基本上所有的字符串解密函数都长这个样,只有key的长度和data的长度不一样,所以我们需要找出解密函数的共同特征
特征分析
主要提取反编译代码中的字符串
^ *,++,while,!= 1,%
于是可以写出对应的查找函数find_all_encode
- return : 加密函数地址的列表
import idaapi
import idautils
def find_all_encode():
'''
find all encode function
'''
func_addr = []
for func in idautils.Functions():
features = ['^ *', '!= 1', '++', '%', 'while']
func_code = str(idaapi.decompile(func))
if all(feature in func_code for feature in features):
func_addr.append(func)
return func_addr
提取密文及密钥长度
简单分析函数之后可以发现密文及密钥的长度位置是固定的,因此可以通过特征匹配来提取两者的长度
*(a2 + v2 % 0x10u): % 后面是密钥的长度key_lengthwhile ( v2 != 50 ): while循环中的判定条件是密文的长度data_length- 密文和密钥在同一个全局变量中,前
key_length个字节是密钥,后面是密文
那么可以用正则表达式匹配对应的字符串写出对应的提取函数extract
import re
def search_key_length(text):
'''
search keylength
'''
pattern = r"%[\s]*(0x[0-9a-fA-F]+|\d+)"
length = re.search(pattern, str(text))
if length:
val = length.group(1)
if val.startswith('0x'):
return int(val, 16)
else:
return int(val)
return None
def search_data_length(text):
'''
search data length
'''
pattern = r"while\s*\([^)]*!=\s*((?:0x[0-9a-fA-F]+)|\d+)[^)]*\)"

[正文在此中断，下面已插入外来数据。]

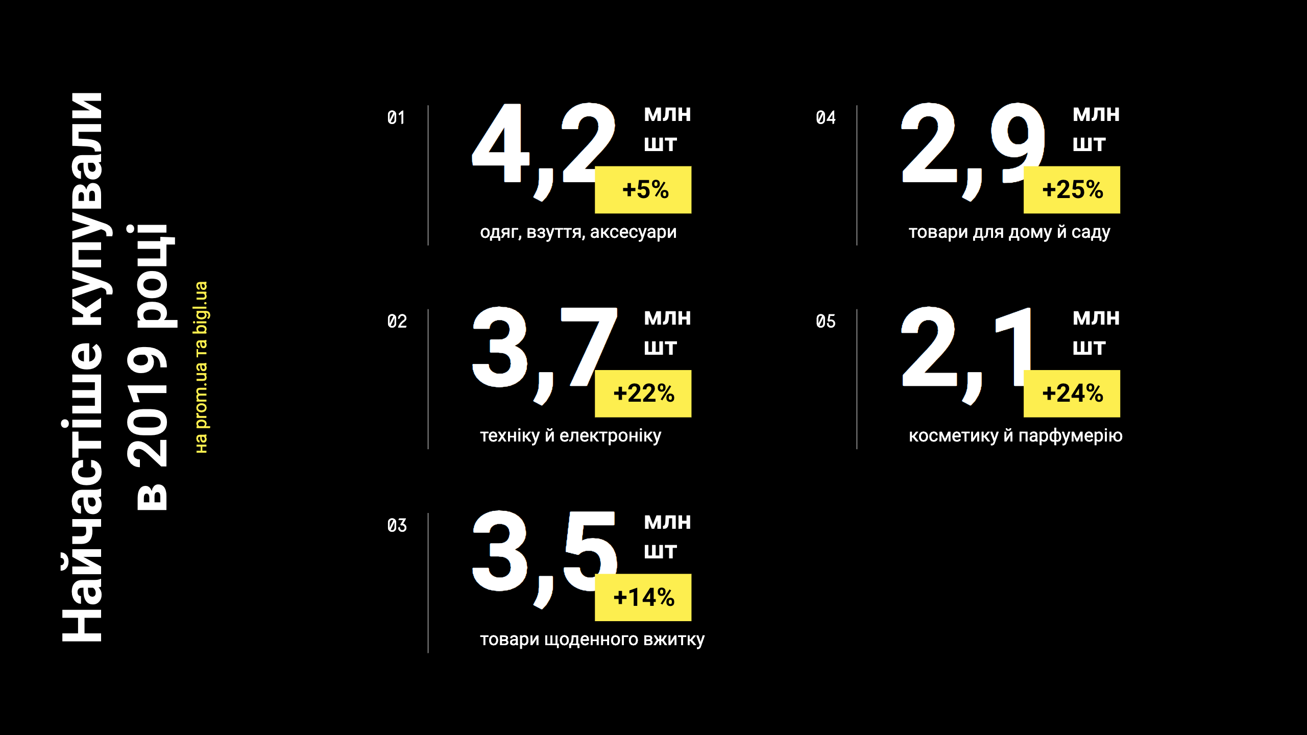 Чаще всего в 2019 году онлайн украинцы покупали одежду и обувь, технику и электронику, товары повседневного спроса, косметику и парфюмерию. В то же время быстро растет спрос на товары для дома, книги, товары для хобби и для автомобилей.

length = re.search(pattern, str(text))
if length:
val = length.group(1)
if val.startswith('0x'):
return int(val, 16)
else:
return int(val)
return None
def extract(funcaddr):
'''
extract data and key
'''
funccode = str(idaapi.decompile(funcaddr))
for line in funccode.split('\n'):
if 'while' in line:
datalen = search_data_length(line)
if '%' in line:
keylen = search_key_length(line)
return keylen, datalen
定位全局变量的地址
前面我们分析了密文和密钥的长度,为了能够自动化批量解密字符串,我们还需要找到存储密文的地址和解密后密文的地址,有了IDA提供的API我们可以很轻松的找到对应的位置。
思路
- 对
find_all_encode函数中得到的加密函数的地址进行交叉引用,得到调用处的地址 - 解析调用处的文本,通过正则匹配提取对应全局变量的地址,如下图

import idc
def Xref_to_data_and_key(funcaddr, N=2):
'''
find xref to data and key
'''
xrefs = [ref.frm for ref in idautils.XrefsTo(funcaddr)]
funcname = idc.get_func_name(funcaddr)
result = []
for xref in xrefs:
dec = idaapi.decompile(xref)
if dec is None:
continue
dec_str = str(dec)
lines = dec_str.split('\n')
call_line = [i for i, line in enumerate(lines) if funcname in line]
for line in call_line:
context = lines[max(0, line-N):min(len(lines), line+N+1)]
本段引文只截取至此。